*TASK DESCRIPTION:* Everything from the line containing "Beyaz renkli çeşitli" through the last line of the listing below should be returned exactly, except for pictures.

*DATA PROVIDED:*
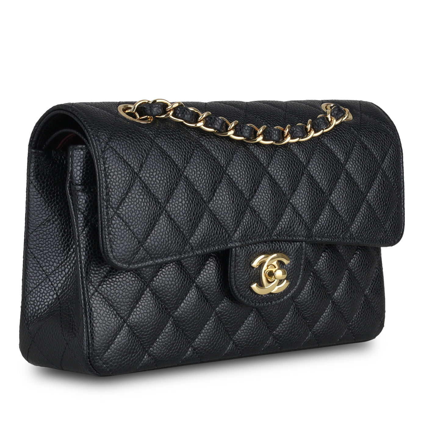 Sleek, refined and effortlessly chic, the Classic Small Flap Bag embodies Chanel’s non-traditionally feminine aesthetic. Crafted from black caviar leather and complimented by champagne gold hardware, is there anything more beautiful than this.
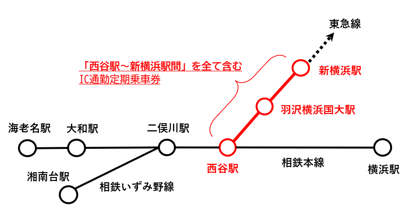 ・定期区間に「西谷駅~新横浜駅」または「西谷駅~羽沢横浜国大駅~JR線区間」を全て含む
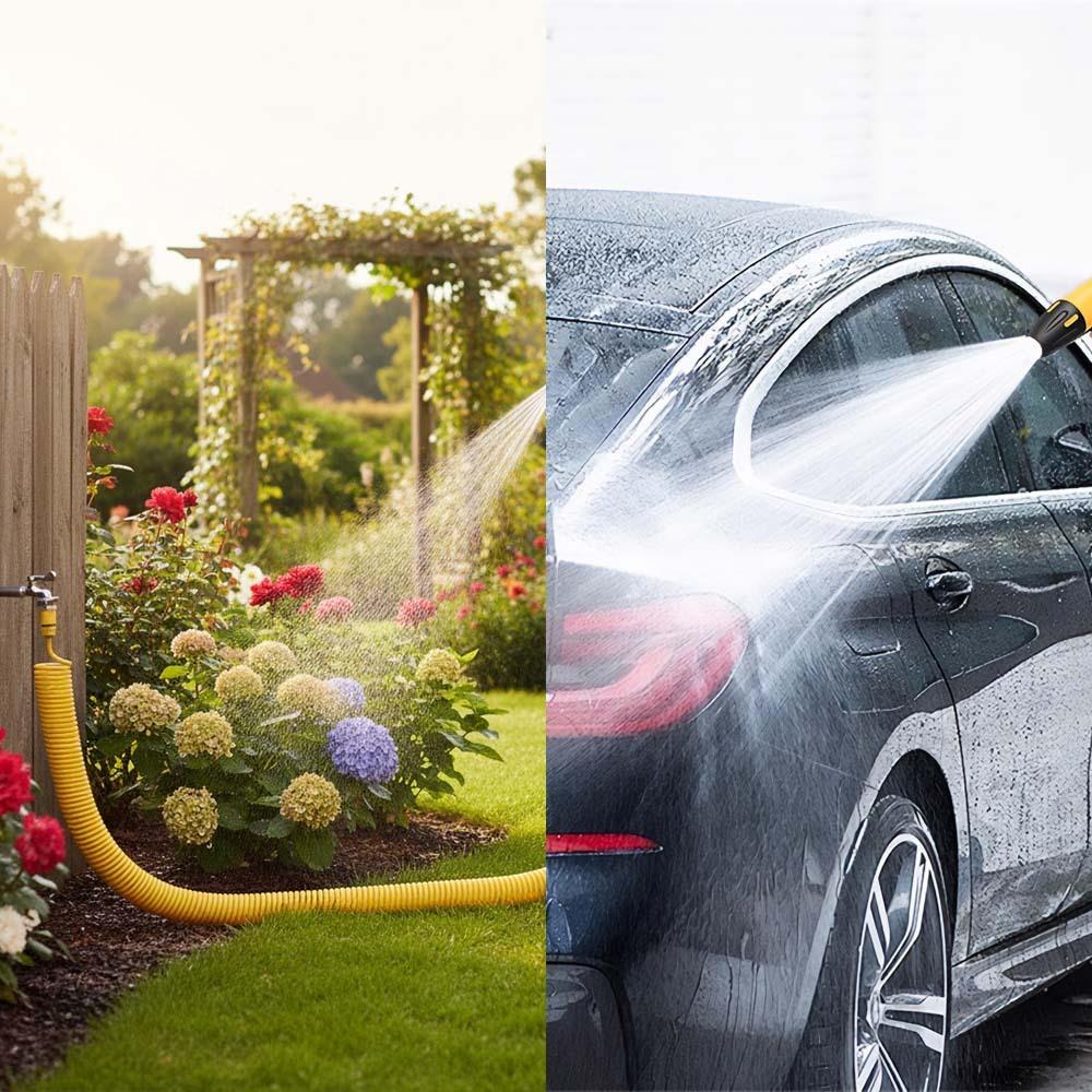 A csomag praktikus pisztolyt tartalmaz, mellyel a vízsugarat az igényeknek megfelelően állíthatod, akár virágokat öntözöl, teraszt mosol vagy biciklit tisztítasz. A gyorscsatlakozóknak köszönhetően a vízvezetékhez való csatlakozás gyors és kényelmes, a csomag tartalmaz csaphoz való adaptereket is. Fontos: ez nem magasnyomású mosó – ez egy klasszikus, spirálba tekert kerti tömlő, hétköznapi kerti használatra.
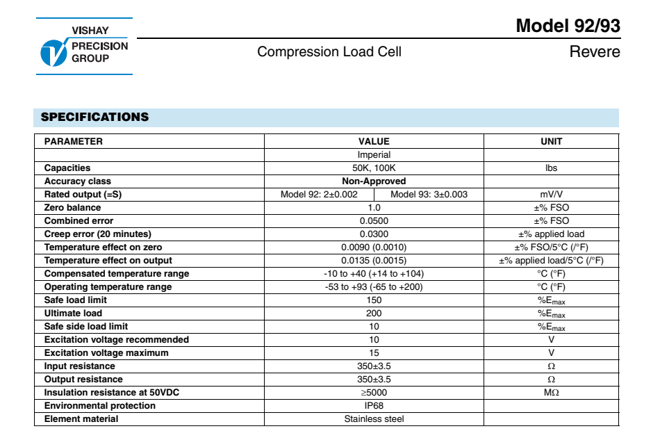 美國vishay Revere稱重傳感器93-50klbs產(chǎn)品技術(shù)參數(shù):NqD廣州南創(chuàng)電子科技有限公司
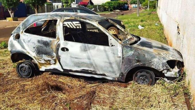 Horas após o roubo, o veículo foi encontrado pegando fogo
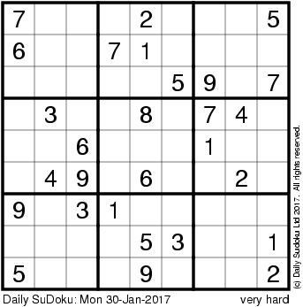 The Daily SuDoku: Mon 30-Jan-2017
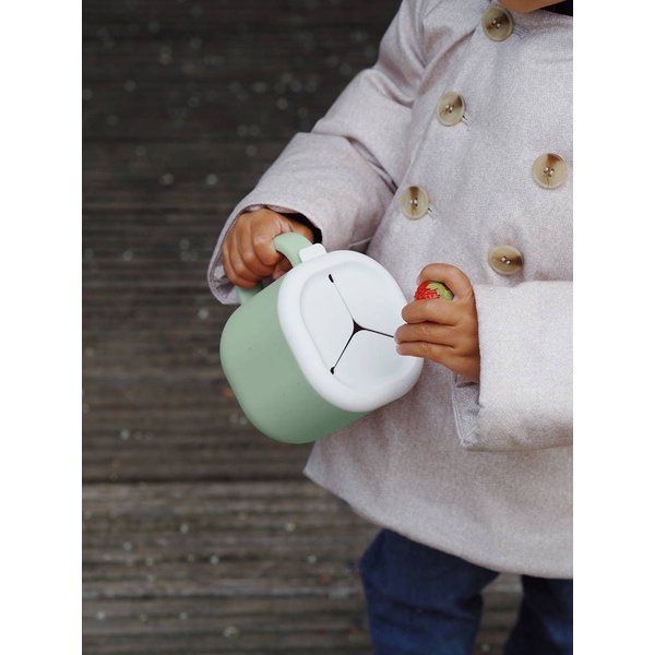 Model ten idealnie sprawdzi się w podróży i domu. Możesz podać go maluszkowi, kiedy tylko będzie wystarczająco duży, aby go trzymać. Bezpieczny do używania jako przenośny pojemniczek na przekąski, takie jak chrupki, owoce lub warzywa. Maluszek może samodzielnie sięgać po wszelkie pyszności skryte we wnętrzu kubka. Praktyczna pokrywka z rozcięciem zapobiega wysypaniu zawartości, ale jest jednocześnie bardzo bezpieczna dla dziecięcych dłoni. Antypoślizgowy spód zapobiega przesuwaniu się kubka na stoliku. Lekki, łatwy do trzymania i praktyczny kubeczek podbije serce każdego maluszka.
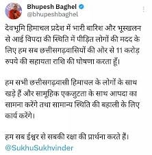 मुख्यमंत्री भूपेश बघेल ने की घोषणा, हिमाचल के आपदा पीड़ितों के लिए छत्तीसगढ़ वासियों की ओर से 11 करोड़ रुपये की सहायता…
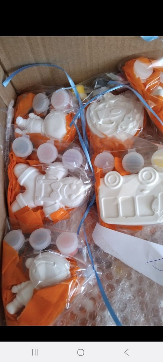 Beyaz renkli çeşitli şekillerde parti süsleri, turuncu kağıt ve mavi kurdele ile paketlenmiş.
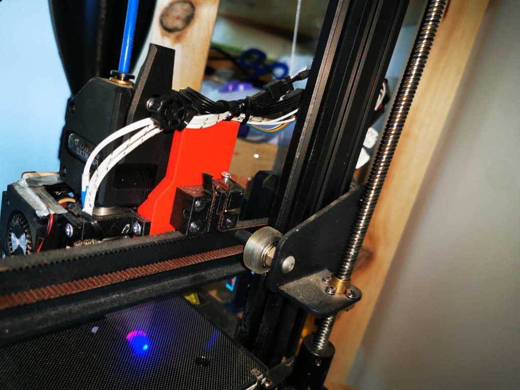 Hầu hết các bộ phận đều được in bằng nhựa ABS. Vì lý do nào đó mà bộ căng dây đai in bằng PETG tốt hơn và tôi khuyên bạn nên dùng chiều cao lớp dưới 0.2mm.
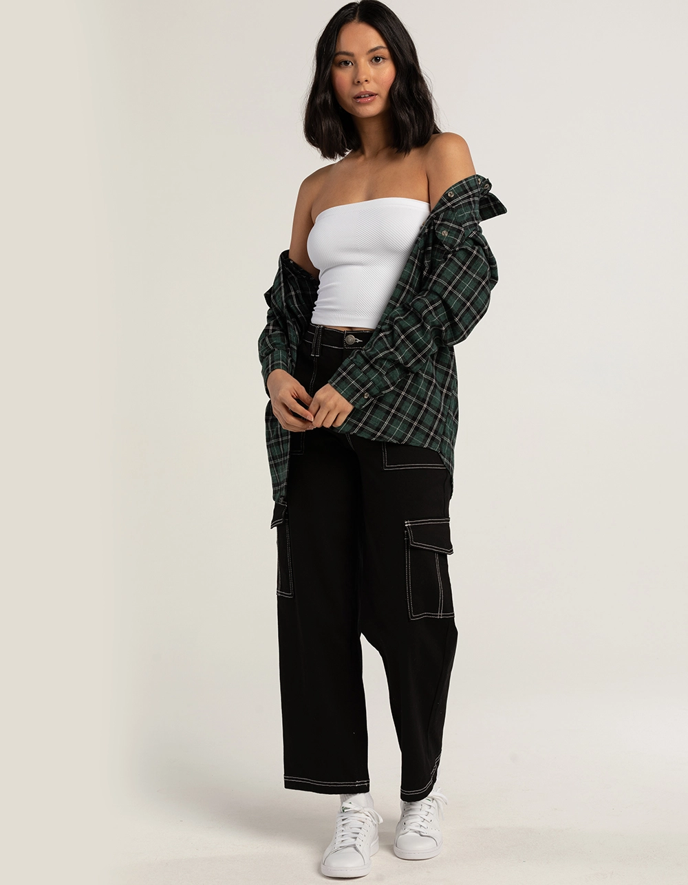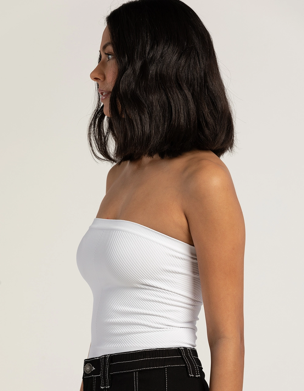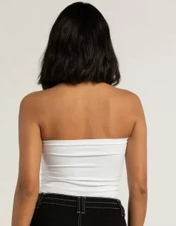 Tilly’s Chevron Tube Top. Chevron ribbed construction. Sleeveless. Crop fit. 92% Nylon, 8% Spandex. Hand wash. Made in U.S.A.
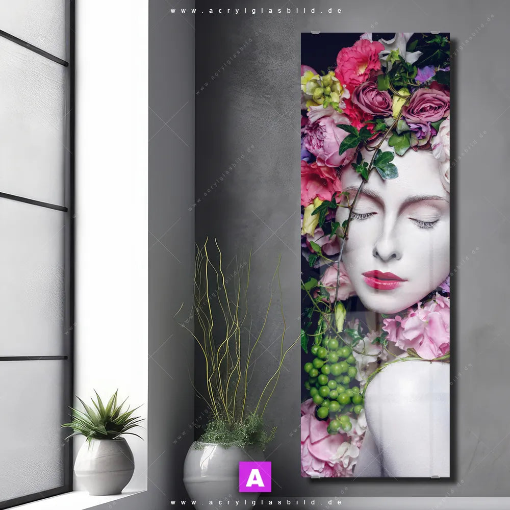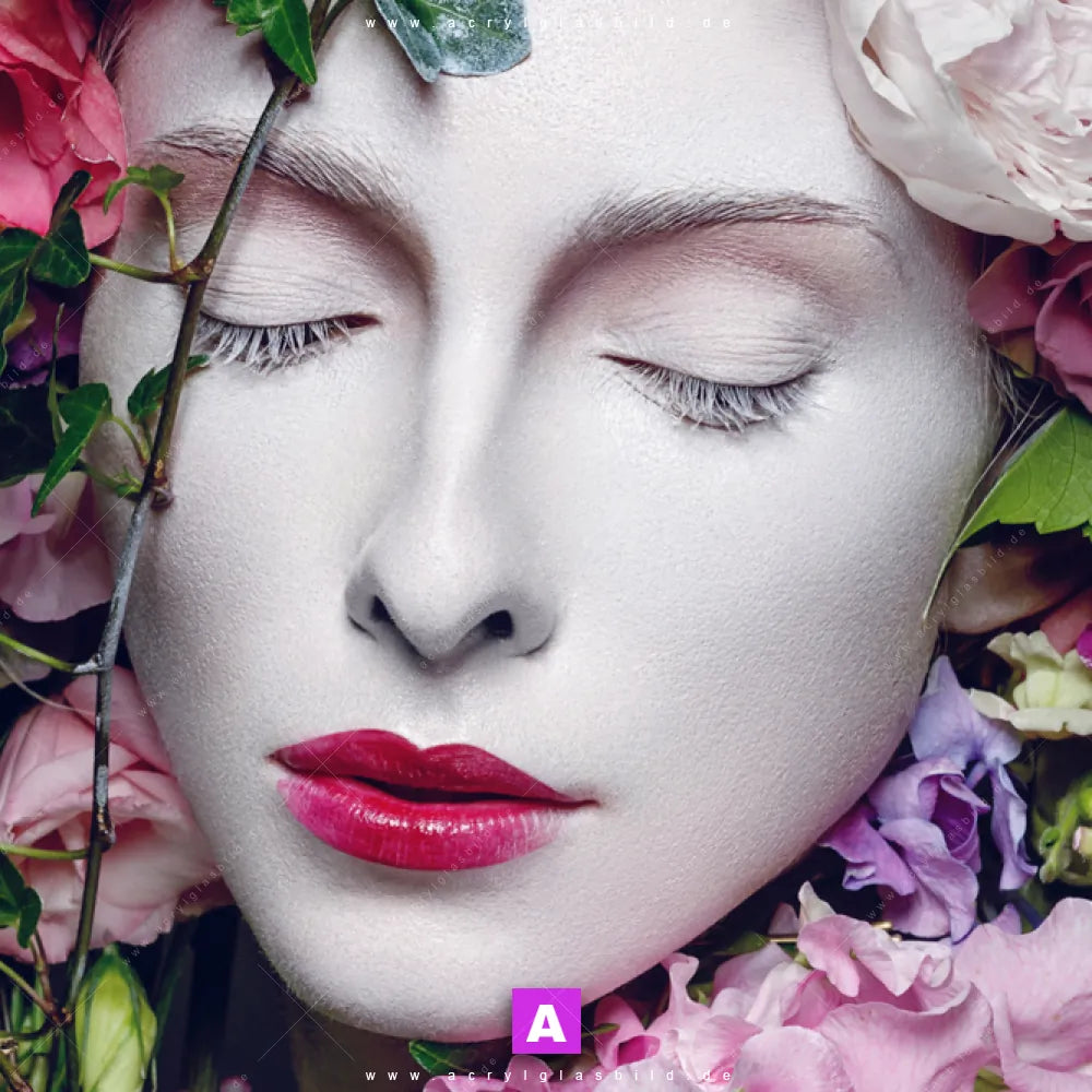 Vergiss also langweilige weiße Wände und entscheide dich für das Acrylglasbild Frauenporträt mit Blumen, gestaltet als Fotografie, das deinem Raum Charakter verleiht und dich jeden Tag aufs Neue inspiriert. Mit diesem Porträts - Menschen, Blumen - Botanik Acrylglasbild wird deine Wand zur Kunst und du zum Kunstliebhaber.

*TASK OUTPUT:*
 Beyaz renkli çeşitli şekillerde parti süsleri, turuncu kağıt ve mavi kurdele ile paketlenmiş.
 Hầu hết các bộ phận đều được in bằng nhựa ABS. Vì lý do nào đó mà bộ căng dây đai in bằng PETG tốt hơn và tôi khuyên bạn nên dùng chiều cao lớp dưới 0.2mm.
 Tilly’s Chevron Tube Top. Chevron ribbed construction. Sleeveless. Crop fit. 92% Nylon, 8% Spandex. Hand wash. Made in U.S.A.
 Vergiss also langweilige weiße Wände und entscheide dich für das Acrylglasbild Frauenporträt mit Blumen, gestaltet als Fotografie, das deinem Raum Charakter verleiht und dich jeden Tag aufs Neue inspiriert. Mit diesem Porträts - Menschen, Blumen - Botanik Acrylglasbild wird deine Wand zur Kunst und du zum Kunstliebhaber.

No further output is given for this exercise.